How to complete this task:
Apart from the pictures, the listing is to be returned exactly.

Recorded information:

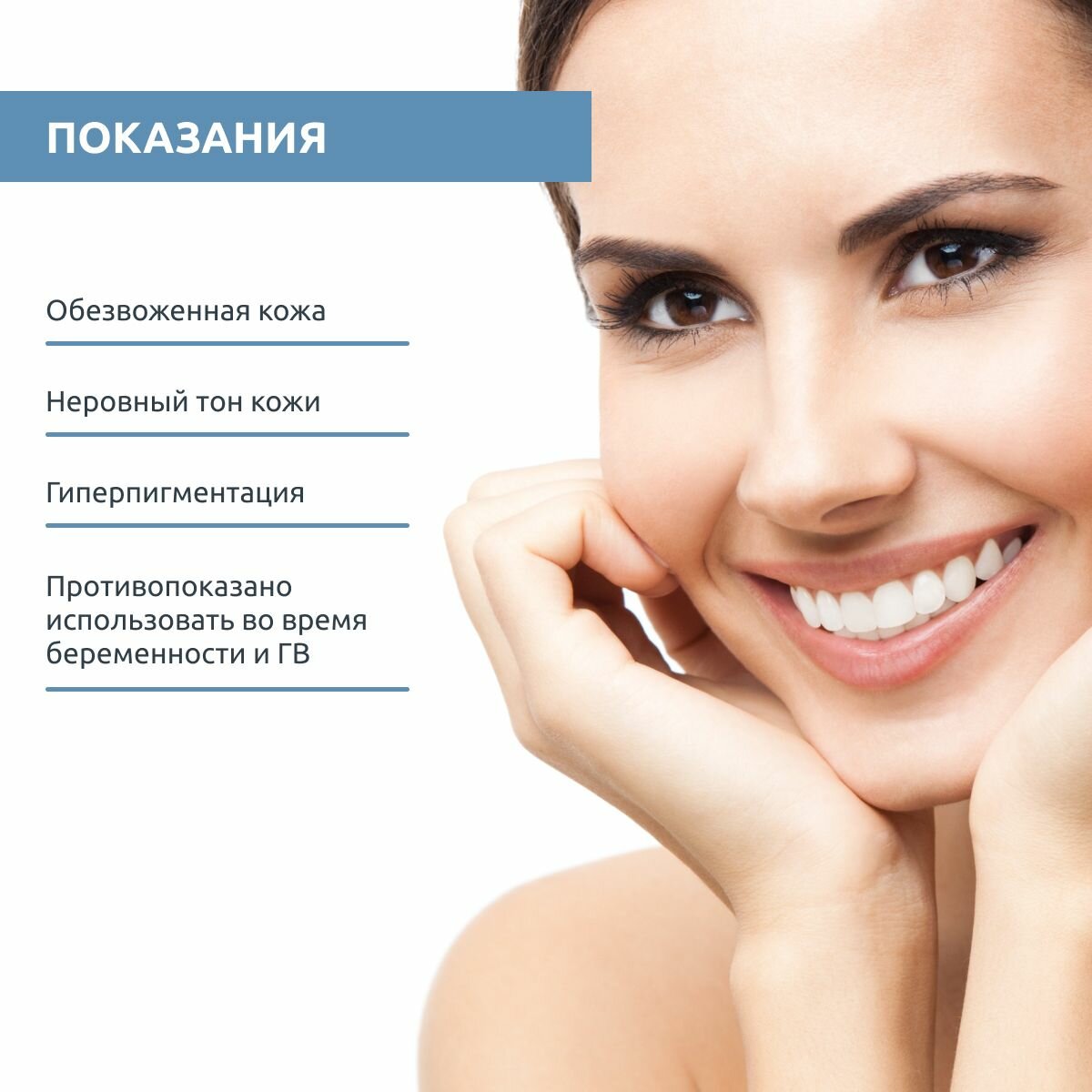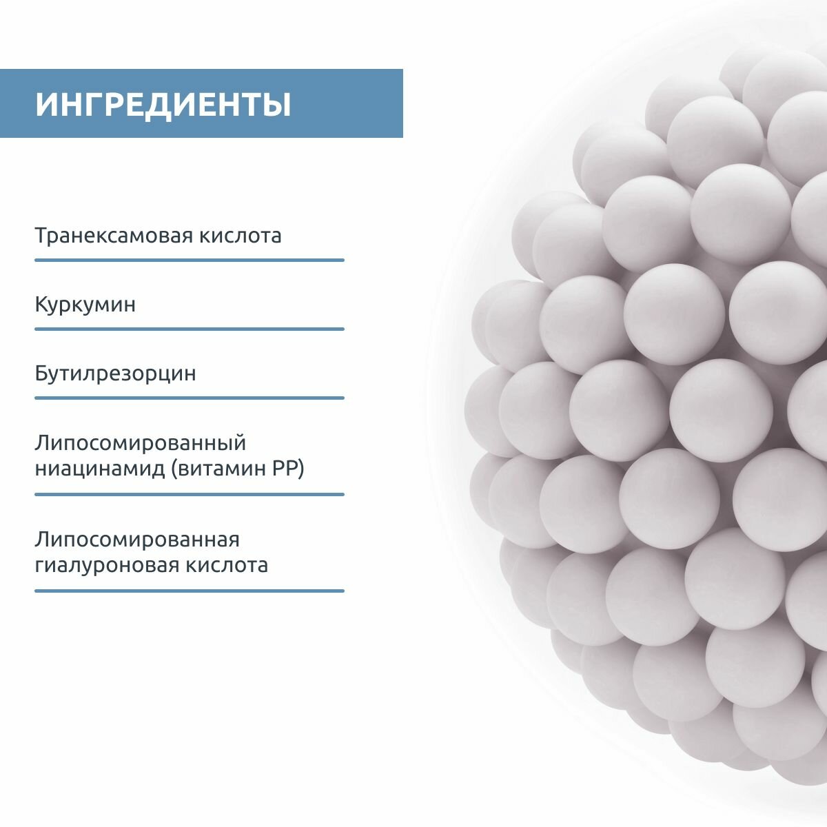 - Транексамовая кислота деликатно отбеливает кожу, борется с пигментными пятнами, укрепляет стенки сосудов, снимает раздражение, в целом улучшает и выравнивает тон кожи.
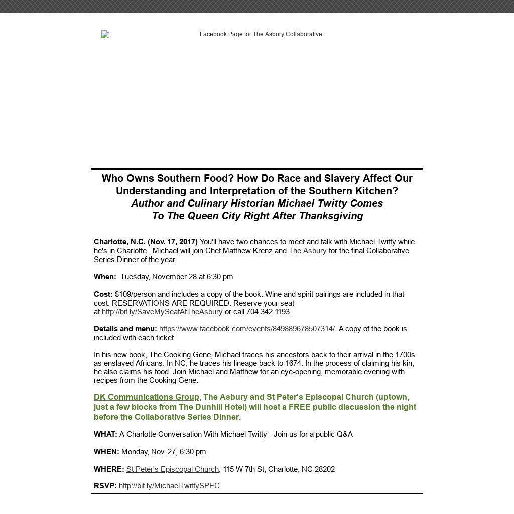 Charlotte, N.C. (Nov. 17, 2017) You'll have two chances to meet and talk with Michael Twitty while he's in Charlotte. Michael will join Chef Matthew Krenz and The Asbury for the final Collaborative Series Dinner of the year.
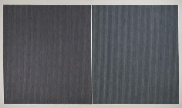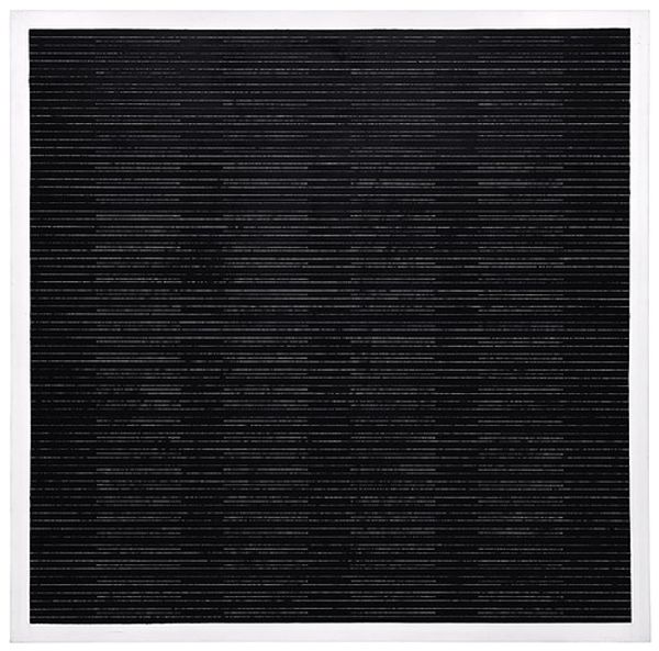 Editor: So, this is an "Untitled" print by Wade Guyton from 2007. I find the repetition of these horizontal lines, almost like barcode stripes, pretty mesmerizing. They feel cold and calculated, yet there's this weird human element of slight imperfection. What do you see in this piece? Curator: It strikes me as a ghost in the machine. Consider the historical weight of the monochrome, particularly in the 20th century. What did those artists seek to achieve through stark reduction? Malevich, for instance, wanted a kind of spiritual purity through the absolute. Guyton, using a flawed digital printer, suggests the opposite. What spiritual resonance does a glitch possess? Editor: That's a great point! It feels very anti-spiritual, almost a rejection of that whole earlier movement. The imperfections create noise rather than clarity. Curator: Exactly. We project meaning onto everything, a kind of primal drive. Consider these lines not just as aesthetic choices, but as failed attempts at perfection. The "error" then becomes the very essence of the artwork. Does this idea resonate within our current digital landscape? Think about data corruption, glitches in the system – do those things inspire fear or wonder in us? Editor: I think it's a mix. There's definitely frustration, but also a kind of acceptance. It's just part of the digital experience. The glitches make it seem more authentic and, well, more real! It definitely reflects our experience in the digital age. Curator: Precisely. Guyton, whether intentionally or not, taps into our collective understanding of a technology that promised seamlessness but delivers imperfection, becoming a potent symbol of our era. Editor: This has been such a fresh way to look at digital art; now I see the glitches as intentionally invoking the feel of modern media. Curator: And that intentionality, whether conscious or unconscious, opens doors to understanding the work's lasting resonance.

Response area:
 - Транексамовая кислота деликатно отбеливает кожу, борется с пигментными пятнами, укрепляет стенки сосудов, снимает раздражение, в целом улучшает и выравнивает тон кожи.
 Charlotte, N.C. (Nov. 17, 2017) You'll have two chances to meet and talk with Michael Twitty while he's in Charlotte. Michael will join Chef Matthew Krenz and The Asbury for the final Collaborative Series Dinner of the year.
 Editor: So, this is an "Untitled" print by Wade Guyton from 2007. I find the repetition of these horizontal lines, almost like barcode stripes, pretty mesmerizing. They feel cold and calculated, yet there's this weird human element of slight imperfection. What do you see in this piece? Curator: It strikes me as a ghost in the machine. Consider the historical weight of the monochrome, particularly in the 20th century. What did those artists seek to achieve through stark reduction? Malevich, for instance, wanted a kind of spiritual purity through the absolute. Guyton, using a flawed digital printer, suggests the opposite. What spiritual resonance does a glitch possess? Editor: That's a great point! It feels very anti-spiritual, almost a rejection of that whole earlier movement. The imperfections create noise rather than clarity. Curator: Exactly. We project meaning onto everything, a kind of primal drive. Consider these lines not just as aesthetic choices, but as failed attempts at perfection. The "error" then becomes the very essence of the artwork. Does this idea resonate within our current digital landscape? Think about data corruption, glitches in the system – do those things inspire fear or wonder in us? Editor: I think it's a mix. There's definitely frustration, but also a kind of acceptance. It's just part of the digital experience. The glitches make it seem more authentic and, well, more real! It definitely reflects our experience in the digital age. Curator: Precisely. Guyton, whether intentionally or not, taps into our collective understanding of a technology that promised seamlessness but delivers imperfection, becoming a potent symbol of our era. Editor: This has been such a fresh way to look at digital art; now I see the glitches as intentionally invoking the feel of modern media. Curator: And that intentionality, whether conscious or unconscious, opens doors to understanding the work's lasting resonance.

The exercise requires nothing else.